LanguageLine Solutions
- Industry: translation, localisation, interpreting, commercial translations, machine translation technology, legal translation, financial translation, ASL interpreting, BSL interpreting, video interpreting, certified translation, document translation, AI translation, AI interpreting
- Founded: 1982; 44 years ago
- Headquarters: Monterey, United States
- Key people: Simon Yoxon-Grant (President and CEO)
- Number of employees: 35,000+ (2025)
- Parent: Teleperformance
- Website: www.languageline.com

= LanguageLine Solutions =

American translation company based in Monterey, California

LanguageLine Solutions is an American company headquartered in Monterey, California, with a strong UK presence provided by their London, UK offices. It provides on-demand and onsite language interpretation and document translation services worldwide for law enforcement, healthcare organizations, legal courts, schools, and businesses in over 290 languages. LanguageLine claims to have more than 30,000 clients. LanguageLine is the largest interpretation services provider in the world.

The company's global workforce is claimed to include over 25,000 interpreters who handle more than 87 million calls each year.

In addition to phone interpreting, the company also offers video remote and onsite interpreting, translation and localization services, and language proficiency testing and training.

== Competitors ==
They compete with other language specialists like Straker translations, One Planet, and Spot On Interpreting.

==Company history==
In its earlier years, the company was known as CALL (Communication And Language Line) and was formed by Jeff Munks and Michael McFerrin. Jeff Munks was a San Jose, California, policeman Michael McFerrin mastered the Vietnamese language as a US Marine stationed in Vietnam during the Vietnam War. He returned to Northern California and worked as a refugee advocate. The two men founded Language Line Services in 1982 to help police officers communicate with 65,000 Vietnamese refugees.

AT&T acquired the service on February 14, 1990, as a strategic business unit. AT&T Language Line Services received significant investments in technology and interpreter quality, creating standards for the emerging telephone interpreting industry. For a decade, the company served as a vital resource for business, government and health care clients who faced changing demographics and state and federal laws and regulations in the 1990s.

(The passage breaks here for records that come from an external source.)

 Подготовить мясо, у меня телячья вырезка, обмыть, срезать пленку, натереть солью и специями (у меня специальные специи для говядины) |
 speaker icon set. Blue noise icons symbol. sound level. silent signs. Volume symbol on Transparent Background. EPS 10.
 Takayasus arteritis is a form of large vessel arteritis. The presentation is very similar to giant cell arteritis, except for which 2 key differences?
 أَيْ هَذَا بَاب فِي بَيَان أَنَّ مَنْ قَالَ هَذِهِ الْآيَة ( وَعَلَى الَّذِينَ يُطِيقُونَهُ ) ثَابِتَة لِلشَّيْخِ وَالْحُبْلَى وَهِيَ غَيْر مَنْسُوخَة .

In 1999, the company became an independent entity, today known as LanguageLine Solutions. In addition to phone interpreting, the company also began offering video remote and onsite interpreting, translation and localization services, and language proficiency testing and training.

In 2006, the company acquired Language Line in the UK, which had been founded in 1995 by social entrepreneur Michael Young. At that time it was the largest telephone interpreting business in Europe.

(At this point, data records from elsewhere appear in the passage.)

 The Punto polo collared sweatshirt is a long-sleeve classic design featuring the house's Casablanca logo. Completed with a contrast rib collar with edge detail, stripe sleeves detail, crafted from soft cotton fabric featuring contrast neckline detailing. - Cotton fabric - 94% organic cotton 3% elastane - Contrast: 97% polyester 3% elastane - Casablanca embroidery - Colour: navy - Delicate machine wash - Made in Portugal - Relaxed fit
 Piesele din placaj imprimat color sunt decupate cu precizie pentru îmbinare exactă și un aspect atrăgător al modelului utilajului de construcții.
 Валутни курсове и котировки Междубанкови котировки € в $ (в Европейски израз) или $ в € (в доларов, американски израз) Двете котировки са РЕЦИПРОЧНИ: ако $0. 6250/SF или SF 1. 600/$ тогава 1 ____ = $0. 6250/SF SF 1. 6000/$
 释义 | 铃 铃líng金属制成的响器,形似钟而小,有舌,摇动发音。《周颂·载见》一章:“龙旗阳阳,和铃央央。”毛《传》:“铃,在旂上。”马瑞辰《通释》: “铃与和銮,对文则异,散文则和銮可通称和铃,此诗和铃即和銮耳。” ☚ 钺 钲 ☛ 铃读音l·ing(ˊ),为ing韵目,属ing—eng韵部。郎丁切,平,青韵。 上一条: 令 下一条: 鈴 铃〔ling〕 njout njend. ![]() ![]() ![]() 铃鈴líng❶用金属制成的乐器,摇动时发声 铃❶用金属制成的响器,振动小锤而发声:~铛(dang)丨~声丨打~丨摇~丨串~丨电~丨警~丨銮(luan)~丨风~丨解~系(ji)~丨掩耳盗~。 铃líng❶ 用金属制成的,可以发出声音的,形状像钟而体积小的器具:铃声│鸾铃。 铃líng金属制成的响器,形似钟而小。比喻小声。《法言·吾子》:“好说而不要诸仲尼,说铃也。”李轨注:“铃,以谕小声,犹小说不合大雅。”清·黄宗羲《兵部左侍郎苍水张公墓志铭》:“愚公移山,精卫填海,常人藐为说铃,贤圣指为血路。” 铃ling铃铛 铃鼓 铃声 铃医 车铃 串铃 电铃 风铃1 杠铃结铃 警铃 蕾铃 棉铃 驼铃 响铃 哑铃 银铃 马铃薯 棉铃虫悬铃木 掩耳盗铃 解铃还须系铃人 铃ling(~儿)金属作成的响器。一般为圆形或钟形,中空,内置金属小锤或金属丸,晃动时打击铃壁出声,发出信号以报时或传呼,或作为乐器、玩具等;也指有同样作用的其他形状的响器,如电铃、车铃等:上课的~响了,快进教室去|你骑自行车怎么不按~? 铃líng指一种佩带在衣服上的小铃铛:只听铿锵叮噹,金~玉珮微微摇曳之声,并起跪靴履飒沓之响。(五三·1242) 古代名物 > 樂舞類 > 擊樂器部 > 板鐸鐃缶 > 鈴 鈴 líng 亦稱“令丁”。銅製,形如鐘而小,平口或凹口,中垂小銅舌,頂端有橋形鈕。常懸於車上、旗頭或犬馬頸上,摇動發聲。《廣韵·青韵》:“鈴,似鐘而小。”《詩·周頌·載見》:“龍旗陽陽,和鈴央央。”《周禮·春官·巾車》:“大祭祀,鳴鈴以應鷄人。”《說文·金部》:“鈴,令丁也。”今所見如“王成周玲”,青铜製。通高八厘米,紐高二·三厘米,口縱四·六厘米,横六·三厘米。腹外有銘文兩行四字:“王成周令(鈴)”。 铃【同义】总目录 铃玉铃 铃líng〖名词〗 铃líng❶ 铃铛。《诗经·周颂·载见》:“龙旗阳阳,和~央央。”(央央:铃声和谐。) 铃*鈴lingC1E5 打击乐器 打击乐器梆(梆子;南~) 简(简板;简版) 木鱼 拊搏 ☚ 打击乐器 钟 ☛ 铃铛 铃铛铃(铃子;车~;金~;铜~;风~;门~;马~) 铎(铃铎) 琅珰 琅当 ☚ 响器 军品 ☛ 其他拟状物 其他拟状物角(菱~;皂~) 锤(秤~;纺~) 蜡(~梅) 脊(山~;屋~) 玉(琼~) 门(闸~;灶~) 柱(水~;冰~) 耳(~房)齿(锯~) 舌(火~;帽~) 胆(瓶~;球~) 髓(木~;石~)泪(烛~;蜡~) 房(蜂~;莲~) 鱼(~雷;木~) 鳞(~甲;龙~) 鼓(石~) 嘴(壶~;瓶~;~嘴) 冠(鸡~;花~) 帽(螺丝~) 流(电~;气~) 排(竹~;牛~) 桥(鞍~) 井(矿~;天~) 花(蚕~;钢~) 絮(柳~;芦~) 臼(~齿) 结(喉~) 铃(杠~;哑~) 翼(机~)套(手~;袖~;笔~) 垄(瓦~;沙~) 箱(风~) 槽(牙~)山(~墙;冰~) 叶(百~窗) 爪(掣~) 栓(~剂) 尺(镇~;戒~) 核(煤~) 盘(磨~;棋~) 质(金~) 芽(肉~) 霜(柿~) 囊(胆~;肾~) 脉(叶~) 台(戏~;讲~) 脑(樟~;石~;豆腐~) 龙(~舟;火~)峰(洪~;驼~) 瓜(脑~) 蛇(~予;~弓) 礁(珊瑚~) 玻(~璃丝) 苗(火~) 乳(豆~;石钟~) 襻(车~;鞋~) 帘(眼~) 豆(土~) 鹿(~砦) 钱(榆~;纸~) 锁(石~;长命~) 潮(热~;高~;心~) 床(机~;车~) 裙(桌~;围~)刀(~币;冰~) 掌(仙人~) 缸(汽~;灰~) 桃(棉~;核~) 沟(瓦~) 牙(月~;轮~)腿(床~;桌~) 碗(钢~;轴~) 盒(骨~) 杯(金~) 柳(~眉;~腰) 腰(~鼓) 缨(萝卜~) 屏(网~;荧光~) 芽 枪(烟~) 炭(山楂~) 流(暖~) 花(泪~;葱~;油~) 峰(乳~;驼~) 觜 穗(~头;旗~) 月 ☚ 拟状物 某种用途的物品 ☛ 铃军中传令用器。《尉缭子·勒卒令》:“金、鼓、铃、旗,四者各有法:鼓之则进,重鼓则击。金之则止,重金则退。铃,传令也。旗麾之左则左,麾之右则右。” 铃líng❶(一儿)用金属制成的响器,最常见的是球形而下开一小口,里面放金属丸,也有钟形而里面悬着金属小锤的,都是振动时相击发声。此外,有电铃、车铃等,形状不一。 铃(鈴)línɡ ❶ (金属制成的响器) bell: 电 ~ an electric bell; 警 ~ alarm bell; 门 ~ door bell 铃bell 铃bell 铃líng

Scott W. Klein was named CEO on June 21, 2012.

On September 16, 2016, LanguageLine Solutions was acquired by Teleperformance, a French company. Teleperformance has stated that LanguageLine will continue to operate as a stand-alone business, headquartered in Monterey, California.

==Unpaid Wages==
LanguageLine Solutions was ordered in 2015 by the US government to pay nearly $1.5 million in missed wages, back pay, and damages to over 2,400 interpreters. According to the US Department of Labor, LanguageLine Solutions was in violation of the Fair Labor Standards Act (FLSA) and the McNamara–O’Hara Service Contract Act (SCA).